The simplicity of this approach is amazing. We're talking about a couple dozen lines of code. This solution is so clean that it even solves the determinism problem, as long as the master process forks all the children in a deterministic order, and then reads back the solutions in a deterministic order.

But, we have to think a little about what's happening behind the scenes. When you do a fork, Linux sets up a page tables of the parent and child so that they both are sharing 100% of their pages: there's only one copy of everything. But the page-table entries are all flagged as "copy-on-write". If either the parent or child tries to write to any of those pages, then linux makes two copies of the page, one for the parent, one for the child, and then the write is allowed to happen.

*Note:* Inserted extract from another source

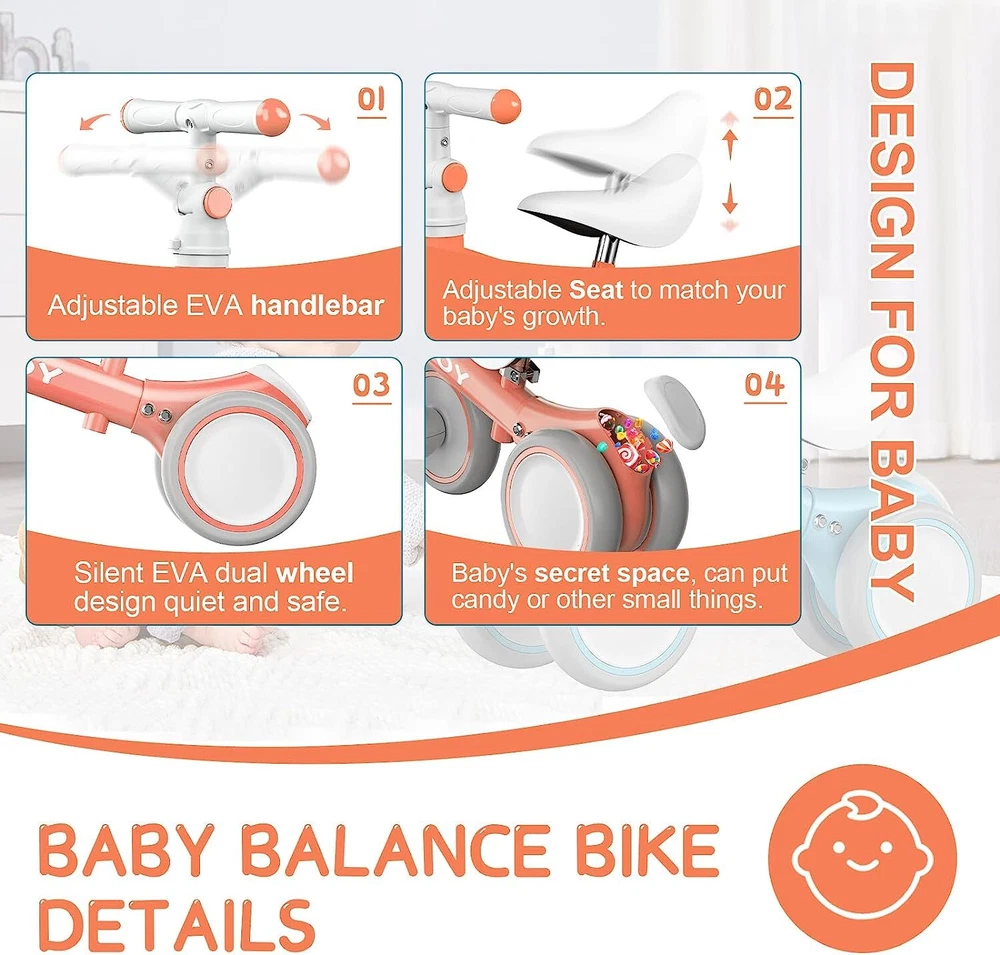 SEJOY YOUR ITEM BE HERE woho_care FIND YOUR ITEM IN STORE Special Offers Free&Fast Returns Free&Fast Shipping OUR STORE SELLER PROFILE SAVE THIS SELLER FEEDBACK SHOP NOW Item Display Features GROW IN FUN: Recommended ages for 10-36 months. The infant balance bike is the best birthday gift for toddlers to learn walking and riding. It helps to develop babies' balance, steering, coordination, and gain confidence at an early age. SAFELY RIDE: No pedal and fully widened closed wheel to avoid clamping baby's feet. 135 ° turning limit and gravity steering without leaving the ground to prevent the baby from turning over. STURDY & COMFORTABLE DESIGN: The balance bike equips sturdy carbon steel frame, anti-slip EVA handle, and a softly supportive seat.The mini balance bike wheels are non-slip, wear-resistant and non-destructive floor, and baby can ride indoors or outdoors. EASY TO RIDE: The baby bike seat heights and the handle angle are adjustable. Handlebar angle can be adjusted and locked to a front and rear 45°and 90° position. The height floor to the seat could be adjusted between 9”-11.8”. This design will meet the baby of different heights and ages. Their feet could touch the floor easily, and ride steadily with no fear. Your baby could still enjoy riding as the kid grows. PERFECT GIFT FOR BABIES: This baby balance bike is made of high-quality material. This ensures that they are safe for any baby. Safe design can be assured as gift for 1 year old boys and girls. Description: Great Gift for Your Baby A baby balance bike is a small ride-on without any pedals, meaning the children propels themselves forward by using their legs and can use the handlebars to change direction. The bikes are designed to be lightweight so they can be easily operated by the toddler and can usually be used on any surface, whether indoor or outdoor. Baby balance bikes and similar ride-on toys for toddlers help to develop their motor skills, give toddlers a sense of independence. Specification : Bike Type :Balance Bike Age Range: 10-36 month Weight: 4.7 lbs Color: Pink Style: Indoor, Outdoor Frame Material: Carbon Steel Wheel Material: Ethylene Vinyl Acetate (EVA) Seat Material :PU Wheel Size : 6 inches Diameter Number of Speeds :1 Product Dimensions:44×19×27cm Max load:25kg Special Feature: Adjustable Handlebars,Adjustable Seat Package Includes: 1 x Baby Balance Bike 1 x Instruction Features der Auktionsvorlage Logo Grafik im Header platzierbar animierte Artikelbilder-Galerie Call-To-Action Buttons (Kaufen, Beobachten etc.) animierte Tabs und Cross-Selling Darstellung 100+ Zahlungs- & Versand-Grafiken 600+ Icons zur Gestaltung Ihrer Angebote Unser Service Versand per E-Mail am selben Werktag kompetenter & schneller E-Mail Support inkl. Updates für zukünftige eBay Vorgaben anpassbar für eBay Listing Tools - z.B. JTL eazyauction, Magnalister, Plentymarkets, Afterbuy etc. (auf Anfrage) individuelle Layout- und Design-Änderungen (auf Anfrage) Kaufabwicklung 1 Sie erhalten innerhalb eines Werktages nach Zahlungseingang alle Dateien der Auktionsvorlage (HTML-Template, Grafiken, PDF-Anleitung) an Ihre bei eBay hinterlegte E-Mail-Adresse gesandt. 2 Die Auktionsvorlage wird auf den Käufer-Account angepasst. Teilen Sie Abweichungen des zu lizensierenden eBay Accounts bitte während des Kaufvorgangs mit. 3 Sollten Sie individuelle Anpassungswünsche haben setzen wir diese, je nach Umfang und Art gegebenenfalls kostenpflichtig, gerne für Sie um. 4 Sollten Sie Hilfe benötigen oder Fragen zur Bearbeitung und Nutzung des eBay Templates haben, steht Ihnen unser Support gerne zur Verfügung. Zahlung & Versand Zur Darstellung von Zahlungs- und Versand-Informationen erhalten Sie Zugriff auf über 600+ Grafiken und Icons . PayPal Kreditkarte Überweisung Hinweis Lorem ipsum dolor sit amet, consetetur sadipscing elitr, sed diam nonumy eirmod tempor invidunt ut labore et dolore magna aliquyam erat, sed diam voluptua. At vero eos et accusam et justo duo dolores et ea rebum. Stet clita kasd gubergren, no sea takimata sanctus est. Wichtig Lorem ipsum dolor sit amet, consetetur sadipscing elitr, sed diam nonumy eirmod tempor invidunt ut labore et dolore magna aliquyam erat, sed diam voluptua. At vero eos et accusam et justo duo dolores et ea rebum. Stet clita kasd gubergren, no sea takimata sanctus est. Highlight Lorem ipsum dolor sit amet, consetetur sadipscing elitr, sed diam nonumy eirmod tempor invidunt ut labore et dolore magna aliquyam erat, sed diam voluptua. At vero eos et accusam et justo duo dolores et ea rebum. Stet clita kasd gubergren, no sea takimata sanctus est. Fußnote Lorem ipsum dolor sit amet, consetetur sadipscing elitr, sed diam nonumy eirmod tempor invidunt ut labore et dolore magna aliquyam erat, sed diam voluptua. At vero eos et accusam et justo duo dolores et ea rebum. Stet clita kasd gubergren, no sea takimata sanctus est. Tags Nutzen Sie die Möglichkeit einzelne Wörter oder Merkmale hervorzuheben und so Tags zu erstellen. Further Details Store Category Electric Toothbrush USB Charging Inductive Charging Kids Water Flosser Humidifier Air Purifier Baby Bottle Warmer Massage Gun Sejoy focused on Personal Healthcare Devices Home-Care Devices Mother&Baby Care Products Blood Pressure Monitors Blood Glucose Monitor Infrarot Fieberthermometer Contact us&Payment We can be contacted at any time through eBay messages if you have any questions, comments or product requests. We will respond to you within 24 hours and do our best to help you out! We encourage our customers to contact us with any questions or concerns! We'd like to be sure you are completely satisfied with your purchase. We are not able to provide a VAT invoice prior to delivery. Once your delivery has taken place please feel free to contact us directly and we will be happy to process your request. Links OUR STORE SELLER PROFILE FEEDBACK SAVE THIS SELLER CONTACT Shipping Once your payment is successful, we will ship within 1-2 business days. If

It's kind of interesting to think about what happens when difference transmitting the master model. All those problems: the string problem, the stack problem, the garbage collector problem, etc – all of them trigger mutations, and those mutations in turn activate Linux's copy-on-write mechanism. If the size of the mutations are small - just writing a few bytes - then just one or two pages get copied-on-write.

The problem with this approach is that *fork* can be slow. Fork has to set up the page tables for the child process, which takes an amount of time proportional to the memory size of the parent process. Likely, *fork* is too slow for our purposes, but I haven't measured it.

You could improve the situation by just not forking so many children. For example, you could always fork two children, and assign each child half of the clients. That would give about a factor of two speedup, in theory. And two forks might not be so expensive.

It is possible, in Linux, to reconfigure the page size from 4KB to 2MB. Those are the only two sizes that x86-64 supports. Doing this vastly reduces the size of the page tables, with the effect that fork is much faster. But, it also makes the copy-on-write operation much slower. This would dramatically alter the performance of the forking approach, but would it be faster or slower? I don't know.

Of all the solutions here, I think the fork solution is the one most likely to be fruitful.

## Solution: Using Linux Posix_Spawn and MMap

Linux *fork* is slow because it has to create a copy of the parent process. This is usually a waste of time, because 99% of the time that somebody calls *fork*, they then immediately call *exec*, which throws out the copy that took so long to create. To solve this problem, Linux has a newer function, *posix_spawn*, which acts a lot like *fork-and-exec* in one step, but it entirely avoids the copying overhead.

Unfortunately, that doesn't seem very useful for us: we wanted the child to be a copy of the parent process, so that it would have a copy of the master and client world models. But Linux also has ways for two processes to manually share parts of their memory. You can even arrange for two processes to share copy-on-write regions of memory. This is all done through the *mmap* system call.

If we could somehow get the master world model to reside in a contiguous block of memory, we could spawn a child process using the fast posix_spawn, then we could manually hand the child process a copy-on-write copy of that region of memory holding the master world model. This would of course, require the copying of certain page-table pages, but it wouldn't involve copying the entire parent process - only the part of the parent process that holds the master world model. This would probably be a vastly smaller block of memory.

The big problem here is that each model would have to have its own memory heap. That, in turn, would lead to a new type of bug where you might accidentally allocate something using one memory allocator, and free it using a different memory allocator, causing heap corruption. This sounds very hard to navigate to me. I think this is just too error-prone.